A series of tweets from three years ago this evening as I rode a bus uptown in the rain:

I see merit in the idea of "checking in" to anything, even if only as a means of personal analytics. Coke, Mr. Pibb, M7 bus, umbrella.

August 22, 2010

Many find the idea tedious and/or invasive, but wouldn't you love a list of trending topics for your life?

August 22, 2010

Is it weird that I'm very accurately charting my location every time I tweet? Kinda. Is it awesome that you can follow my route uptown? YES.

August 22, 2010

Hot Potato worked along these lines but it was a little too cutesy, love it though I did. Timestamp ("now") and a noun. That's what I want.

August 22, 2010

Maybe a cloud of my current checks in. I finished my soda; X the item. A stack works fine for location but this has layers, like an ogre.

August 22, 2010

"Andy is at a bar with a stuffed tiger. What's that about?" I WISH things like this happened but venture capitalists don't care about wishes

August 23, 2010

I think what I am imagining is less checkining and more continuously-maintained self-tagging. But they aren't that different.

August 23, 2010

Have you ever looked back at a tweet of yours and wondered wtf you were on about? What if you could match statuses to self-tags?

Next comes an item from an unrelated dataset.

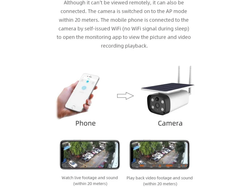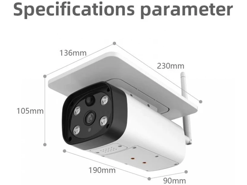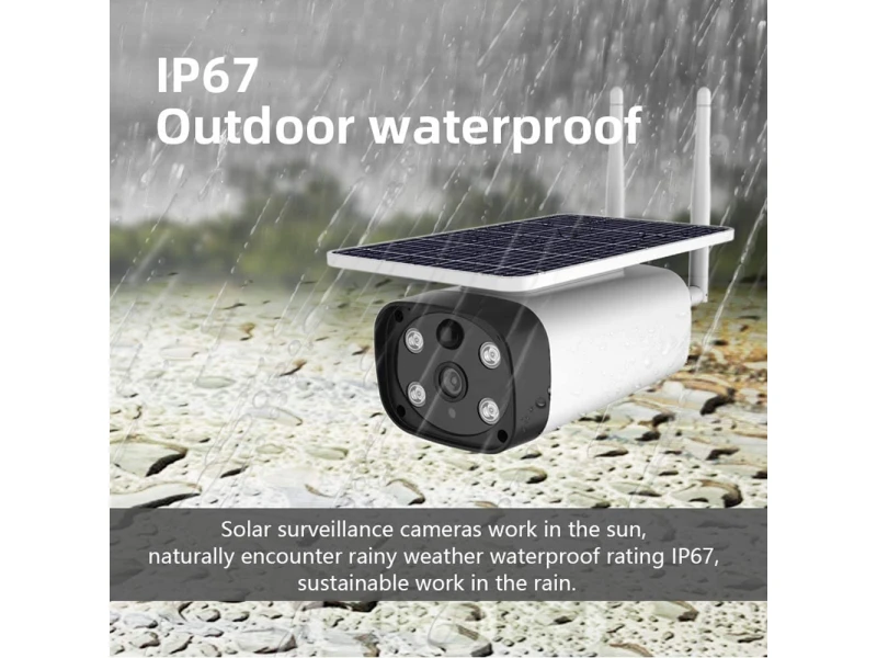 Cameră solară wireless WiFi IP 2MPX 1080P Full HD cu senzor de mișcare PIR cu microfon încorporat, slot pentru card SD de până la 64GB și difuzor pentru conexiune audio bidirecțională. Camera are 2 LED-uri albe 2W LED 1W*2 și 2 LED-uri IR 2W LED 1W*2 pentru supraveghere video nocturnă de până la 60 de metri. Consum extrem de redus de energie și funcție inteligentă de economisire a energiei. Dispozitivul are două moduri de funcționare - standby cu consum de 0,0076W și în modul de lucru ziua - 1,4W, noaptea - 2,4W. Suportă 4 baterii reîncărcabile tip 18650, care se încarcă prin panou solar sau cablu USB. Monitorizare de la distanță în timp real, vizualizare a înregistrărilor și administrare prin dispozitive Android și iOS. Suport pentru instalare ușoară pe tavan sau perete. Carcasă rezistentă la umiditate cu design elegant - IP67. Matrice: senzor CMOS de 1/2,9″ Procesor DSP: Hi3518EV200; ARM926@800MHz Rezoluție: 1080P (1920×1080); Lentilă 4mm (2,8mm-12mm) HMD (Detecția Mișcării Umane) Senzor PIR Flux video: 15 fps – timp real; Compresie: H.264; Interfață de rețea: Wi-Fi; Rețele wireless acceptate: IEEE 802.11 /b /g /an Monitorizare mobilă prin iOS și Android; Aplicație mobilă: APP-I-CAM Unghiul de detectare al senzorului PIR – 120 de grade Slot pentru card de memorie Micro SD cu o capacitate de 64 GB Înregistrare cu detecție de mișcare; Microfon încorporat de înaltă sensibilitate; Difuzor încorporat pentru conexiune audio bidirecțională; Pixeli efectivi: 1920 (Î) x 1080 (V); Sensibilitate minimă la lumină: 0,0001 Lux cu IR oprit și 0,00 Lux cu IR activat; Parametri imagine: BLC, WDR, Viteză obturator, Nivel zi/noapte, Dezaburire, AGC, AE; Viteză obturator: Automată 1/50 1/60 – 1/50000 sec.; Raport semnal-zgomot: > 69dB; Suport 2D pentru montare ușoară pe tavan sau perete; Posibilitatea de rotire a imaginii: DA; Imagine în oglindă: DA; Carcasă impermeabilă de culoare albă – IP67; 2 LED-uri albe 2 LED-uri IR Viziune nocturnă de până la 60 m. Capacitate baterie: 5200mAh (2000mAh) Panou solar Capacitatea bateriei: 52000mAh Energie solară: 2,2 W 400 mA Rezistență la praf și umiditate IP67; Temperatura de funcționare: -10 grade până la 60 grade Dimensiuni: 230 x 105 x 135 mm; Privine este o cameră wireless WIFI solară de ultimă generație FULL HD 2MPX alimentată de un panou solar încorporat. Lentilă de 4 mm (2,8 mm-12 mm) și senzor PIR cu unghi de detecție de până la 120 de grade. Slot pentru card de memorie cu o capacitate maximă de până la 64 GB. Microfon și difuzor de înaltă sensibilitate pentru conexiune audio bidirecțională. Rezistent la apă cu grad de protecție IP67 - rezistent la umezeală și praf. Model extrem de potrivit pentru supravegherea exterioară a curților, barajelor, pășunilor, stupinelor, fermelor, a zonei de intrare din fața casei, a magazinelor și a altor unități comerciale.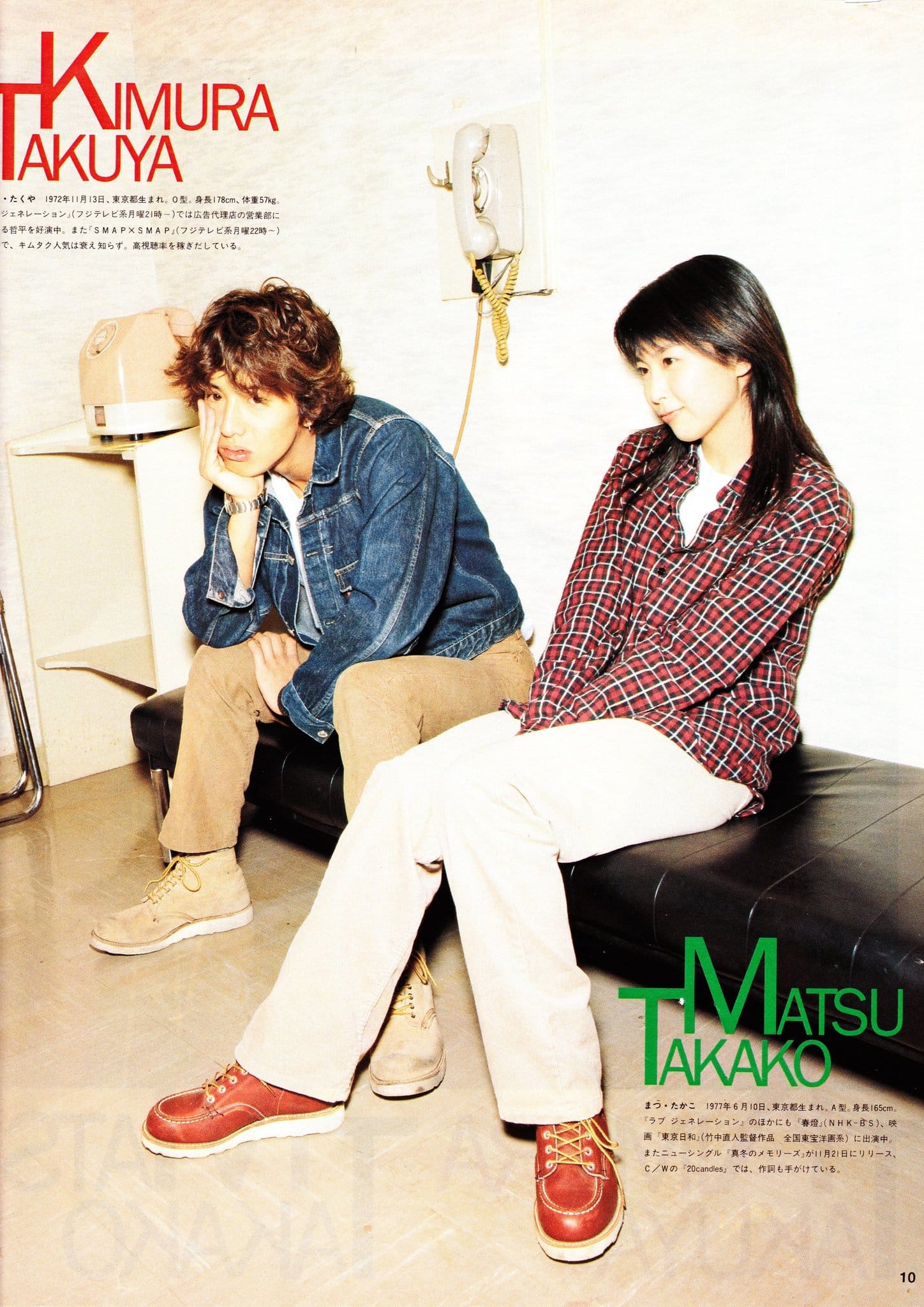 穿搭以美國西岸造型為主,牛仔褲加Red Wing的組合經常在人氣劇集出現,《悠長假期》片頭、《Hero》、《戀愛世紀》等,木村成為亞洲男士爭相模仿對像。

Context!

August 23, 2010

Removing my bus tag, adding "sopping wet"

August 23, 2010

Looking back, the idea seems utterly tedious but just as appealing. I've been using Moves very happily for the last couple months; its best feature is that it lives in the background, silently recording everywhere I go, and allowing me to finesse that information later if I choose to add details. I don't know how this might work with Andy's stuffed tiger. Maybe with something like Tile?